Rechtsmittelbelehrung
Gegen die Entscheidung über den Antrag auf Gewährung vorläufigen Rechtsschutzes kann innerhalb von zwei Wochen nach Bekanntgabe der Entscheidung bei dem Verwaltungsgericht Köln (Appellhofplatz, 50667 Köln oder Postfach 10 37 44, 50477 Köln) schriftlich Beschwerde eingelegt werden, über die das Oberverwaltungsgericht für das Land Nordrhein-Westfalen in Münster entscheidet. Die Beschwerdefrist ist auch gewahrt, wenn die Beschwerde innerhalb der Frist eingeht bei dem Oberverwaltungsgericht für das Land Nordrhein-Westfalen, Aegidiikirchplatz 5, 48143 Münster oder Postfach 6309, 48033 Münster. Die Beschwerde ist innerhalb eines Monats nach Bekanntgabe der Entscheidung zu begründen. Die Begründung ist, sofern sie nicht bereits mit der Beschwerde vorgelegt worden ist, bei dem Oberverwaltungsgericht schriftlich einzureichen. Sie muss einen bestimmten Antrag enthalten, die Gründe darlegen, aus denen die Entscheidung abzuändern oder aufzuheben ist, und sich mit der angefochtenen Entscheidung auseinander setzen.
Die Beschwerde ist einzulegen und zu begründen durch einen Rechtsanwalt oder einen Rechtslehrer an einer staatlichen oder staatlich anerkannten Hochschule eines Mitgliedstaates der Europäischen Union, eines anderen Vertragsstaates des Abkommens über den Europäischen Wirtschaftsraum oder der Schweiz, der die Befähigung zum Richteramt besitzt, oder eine diesen gleichgestellte Person als Bevollmächtigten. Behörden und juristische Personen des öffentlichen Rechts einschließlich der von ihnen zur Erfüllung öffentlicher Aufgaben gebildeten Zusammenschlüsse können sich auch durch eigene Beschäftigte mit Befähigung zum Richteramt oder durch Beschäftigte mit Befähigung zum Richteramt anderer Behörden oder juristischer Personen des öffentlichen Rechts einschließlich der von ihnen zur Erfüllung ihrer öffentlichen Aufgaben gebildeten Zusammenschlüsse vertreten lassen. Auf die besonderen Regelungen in § 67 Abs. 4 Sätze 7 und 8 VwGO wird hingewiesen.

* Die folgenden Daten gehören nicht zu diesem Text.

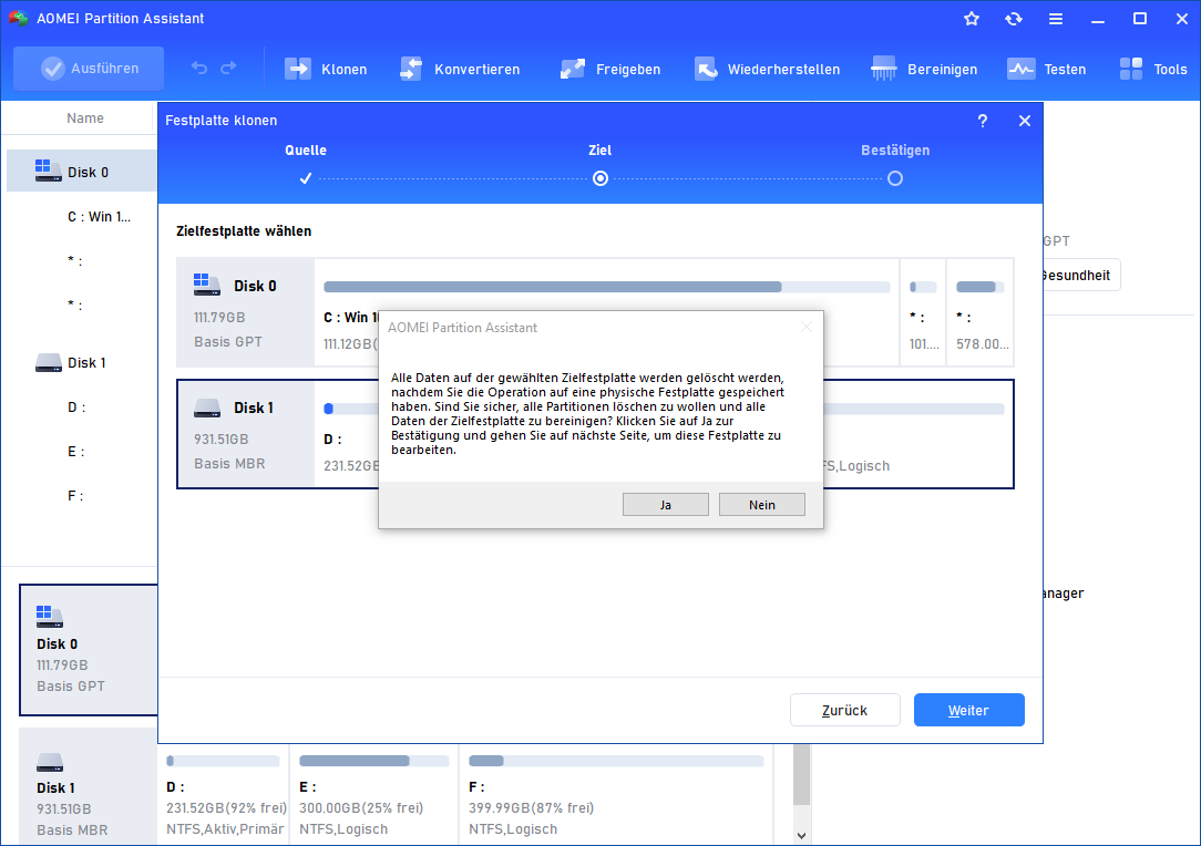 Schritt 3. Dann erscheint ein kleines Fenster, das Sie darüber informiert, dass durch diesen Klonvorgang alle Partitionen und Daten auf der ausgewählten Zielfestplatte gelöscht werden. Stellen Sie also sicher, dass Sie eine Sicherungskopie erstellt haben, und klicken Sie dann auf „Ja“, um Ihren Vorgang zu bestätigen.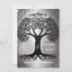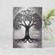 Convite de casamento da árvore da vida com detalhes de prata e preto.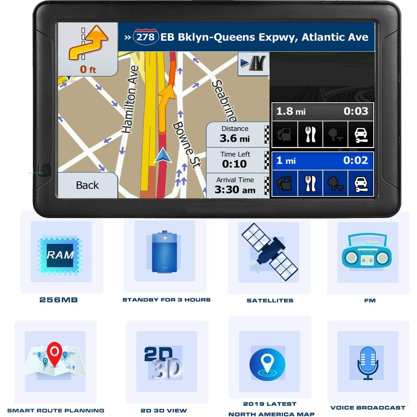 【REAL VOICE NAVIGATION】: Choose from a selection of voices that will provide you turn by turn voice navigation. Real man or woman voice broadcast you don’t have to look on the GPS screen all the time. It makes your driving safer, reduce fatigue driving, away from the ticket. Other Security Alert Types: Average Speed Camera, Red Light Camera ,Railway Crossing, High Accident Zone,City Entry Piont, Dangerous Area etc.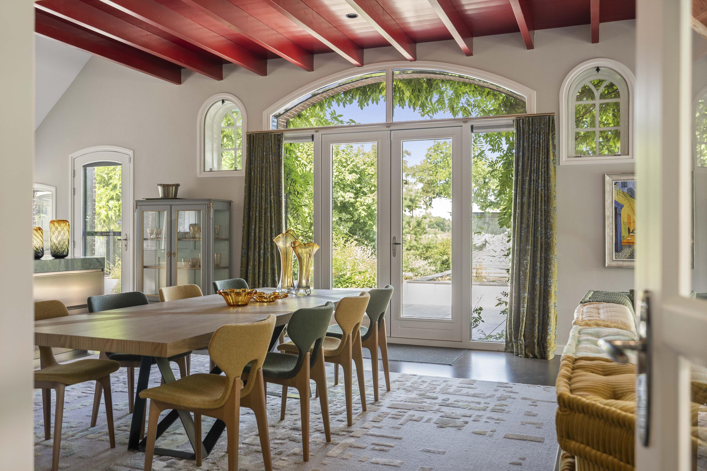 The kitchen-diner, located in the former barn, spans over 70 m² and, with the barn doors now filled with glass, offers a spectacular view of the garden.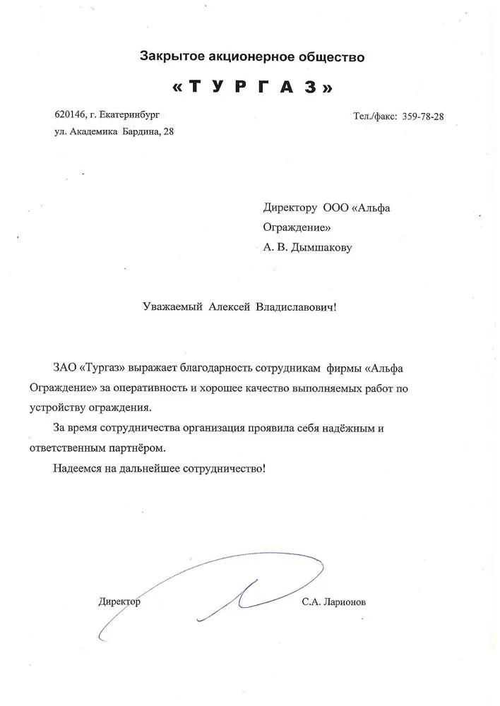 ЗАО «Тургаз» выражает благодарность сотрудникам фирмы ООО «Альфа Ограждения» за оперативность и хорошее качество выполняемых работ по устройству ограждения.
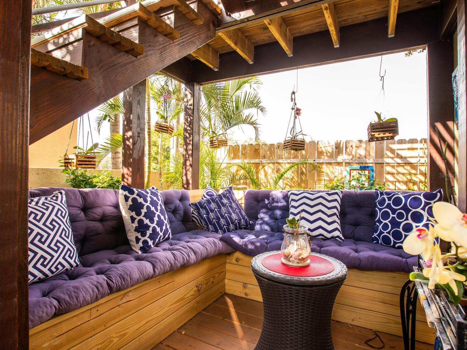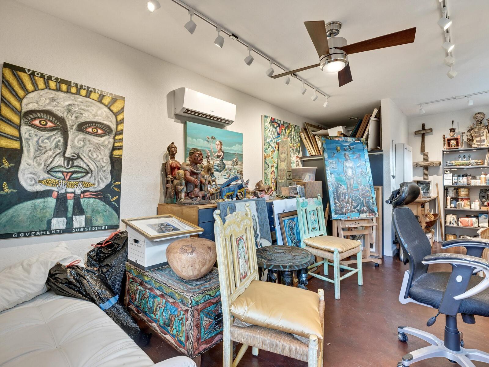 Investment or full time living, this beautiful and unique compound in the heart of Sarasota is just steps away from the downtown, hospital, shopping, and the bayfront is the coveted West of the Trail Hudson Bayou Neighborhood. This one a kind home with a separate art studio and studio apt in the back consists of a beautiful and cozy main house with 2 bdr, 2 baths, dining, updated kitchen with granite countertops and stainless steel appliances was designed and well loved by its owners, one a Ringling Art graduate and both longtime Sarasota residents, for a full time retreat over the past 15 years. Custom details such as ceramic tile, hardwood floors, with the main house completely replumbed just recently in 2025. In 2020, a second building was custom built in the back to allow for an art studio on the first level and regular stairs, as well as a custom-made spiral staircase lead you to a fantastic studio apt/"She Shed" on the second floor for guests and/or Air BNB possibilities in the future. Continue on and gather on the rooftop for views of the city and fireworks with a sneak peak of Hudson Bayou depending upon neighbor's foliage height. No flooding or damage from past hurricanes. This home remained high and dry and has been lovingly updated and maintained. Home and apt Air BNB vs seasonal rental potential. Rental income potential estimates available.

Die Entscheidung über die Kosten des Verfahrens ist nicht selbstständig anfechtbar.
Gegen die Festsetzung des Streitwerts kann innerhalb von sechs Monaten, nachdem diese Entscheidung Rechtskraft erlangt oder das Verfahren sich anderweitig erledigt hat, bei dem Verwaltungsgericht Köln (Appellhofplatz, 50667 Köln oder Postfach 10 37 44, 50477 Köln) schriftlich oder zur Niederschrift des Urkundsbeamten der Geschäftsstelle Beschwerde eingelegt werden, über die das Oberverwaltungsgericht für das Land Nordrhein-Westfalen in Münster entscheidet, falls das Verwaltungsgericht ihr nicht abhilft. Hierfür besteht kein Vertretungszwang. Ist der Streitwert später als einen Monat vor Ablauf dieser Frist festgesetzt worden, kann die Beschwerde innerhalb eines Monats nach Zustellung oder formloser Mitteilung des Festsetzungsbeschlusses eingelegt werden. Die Beschwerde ist nur zulässig, wenn der Wert des Beschwerdegegenstandes dreihundert Euro übersteigt. Die Beschwerde findet auch statt, wenn sie das Gericht, das die Entscheidung erlassen hat, wegen der grundsätzlichen Bedeutung der zur Entscheidung stehenden Frage zulässt.